The firms must identify such lead metrics for all their critical business services when they map the services.
Observability
Once the metrics are identified, an appropriate observability framework must be put in place, which can report the metrics in real-time. The observability framework needs to have components such as data acquisition, data processing, and real-time reporting. Most business services, do have a built-in data acquisition component, however, it is the data processing and reporting components, where firms have to put the efforts in.
These types of platforms are available on public clouds as platform services (for example Azure Synapse or Snowflake). Alternatively, there are specialist services that could be used as well, if the firm does not want to build its own observability framework.
Track and Respond
The observability framework can detect the oncoming issues, which then need to be responded to with a track and response mechanism. The track and respond mechanism need to be proportional. Not all effects need the response of the same degree. The track and response mechanism should have the ability to assess the risks to consumers from the event and deploy an appropriate response mechanism.

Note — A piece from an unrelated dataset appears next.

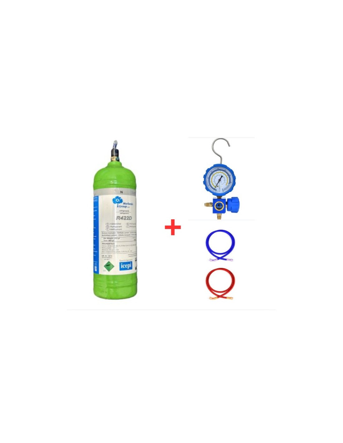 R422D Refrigerant Gas Kit – 2.5 L / 2 kg with ¼ valve, complete with pressure gauge and hoses for maintenance and recharging on refrigeration systems. Ideal for replacing old R22 and for existing systems.

For example, when a surge in call volume is detected, an extra number of chatbots can be deployed and some low-risk conversations which normally are handled by human agents can be routed to chatbots instead of human agents.
Such response mechanisms for all tracked metrics must be prepared and implemented. It is also important that these mechanisms are reviewed periodically for their effectiveness.
Summary
Firms must make themselves ready to address most eventualities and maintain their digital operational resilience. The maintenance of operational resilience is not just regulatory compliance but also has an impact on the business performance of the firm.
With the MOT framework in place, the firm will be ready to deal with most eventualities, enhancing the operational resilience of the firm. This will also be fully compliant with the FCA regulations. The firms have till 2025 to put such a framework in place and now is the best time any other time, to begin this journey.